Thursday, April 24, 2003

Voices: The Real Boob Tube




When I read about an "un-TV experiment" in which one is to watch any show for 15 minutes without sound, I didn't intend to try it out. A week later, however, I found myself face-to-screen with FOX network's news magazine program The Pulse as I dined on a hummus platter at Scranton watering hole The Bog.


My friends and I hadn't given more than a second's glance to the screen until the Miller Lite Catfight commercial aired. And aired again. And again almost immediate after that. Apparently the never-ending ratings game had resulted in someone's brilliant idea to do a story on the controversial commercial in which two curvier and bustier than thou women rip each other's clothes off during a "Less Filling/Tastes Great" argument before mauling each other first in a pool and later in cement.


I had never seen the commercial before and I still haven't seen the spot with sound. I think if I had seen the commercial in context, I more than likely would have rolled my eyes and quietly moved on to more pleasant thoughts. But the unique experience of viewing the infamous Catfight over and over, sans soundtrack, within the supposed journalist context of The Pulse, led to an oddly impassioned barside debate. As I downed my lager and ordered another, I thanked the goddess that I had minored in women's studies and attempted to form a impenetrable argument with which to disarm my helplessly drooling male companions. Okay, so maybe they weren't drooling exactly, but they were quick to pose the defensive sentiments I later read coming from the mouths of Miller.

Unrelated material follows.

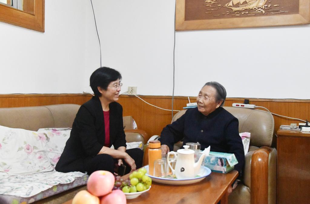 曲阜师大离退休工作处讯 金风送爽秋光艳,丹桂飘香又重阳。重阳节来临之际,学校党委副书记李志红走访慰问了学校百岁离休干部经济民教授和李素萍老人,代表学校向老人们送去关怀与温暖,表达节日的祝福和诚挚的敬意。

The Catfight ad is funny because it "pokes fun at men's sexist views," stated company spokesperson Mollie Reilly to FOX news. Or as Miller Lite brand manager posed to USA Today in January, the Catfight commercial is "a hysterical insight into guys' mentality," a "lighthearted spoof of guys' fantasies."


Sorry, but it's just not funny that even the most empowered women will struggle to feel attractive after facing inadvertent comparison to this exaggerated ideal of feminine beauty. I further resent the task I face ahead in trying to convince my daughters (aged seven and five) that they don't have to look like Kitana Baker (less filling) or Tonya Ballinger (tastes great) to look good.


But my real problem with the commercial is that these women are celebrities now. They're no doubt bringing home truckloads of money for no better reason than their Playboy-grade physiques. And please don't tell me that they aren't respected - it's a bad argument because a woman deserves respect no matter how sexy she is - in this country anyone who has money is respected. It's the capitalist American way and those Catfighting boobs remind me of how sad that is with every bounce and jiggle.


It seems "boobs" (I hate the term, but it's the one they're using these days) are en vogue these days. The Baywatch babes are reportedly the preferred viewing material of our soldiers fighting in Iraq. And talk about male-friendly skies... Hooters Air made its debut in March. The Hooters girls aren't certified flight attendants and can therefore only assist the real thing (all puns intended), but in this age during which too many airlines are facing bankruptcy, Hooters Air plans to sell tickets at twice the going rate.


Despite broadcast primarily on late night TV and during NFL playoff games, Miller Lite's Catfight ad has faced censorship. In an early version produced by advertisers Ogilvy and Mather, Kitana and Tonya sealed the commercial with a kiss. The morale of the story would appear to be that it's O.K. to portray women as sexual beings, as long as their sexual promise is intended for male pleasure only. Yet television history was made on Tuesday when a pair of teenagers on the soap opera All My Children presented daytime viewers with the first ever on-screen lesbian kiss.


It's sad that poor Bianca, who came out in 2000, had to wait until 2003 to make out like her hetero friends, but it is poetic justice that men will just have to watch the soaps instead of the game (I know, they can always rent porn) if they want their fantasy to climax.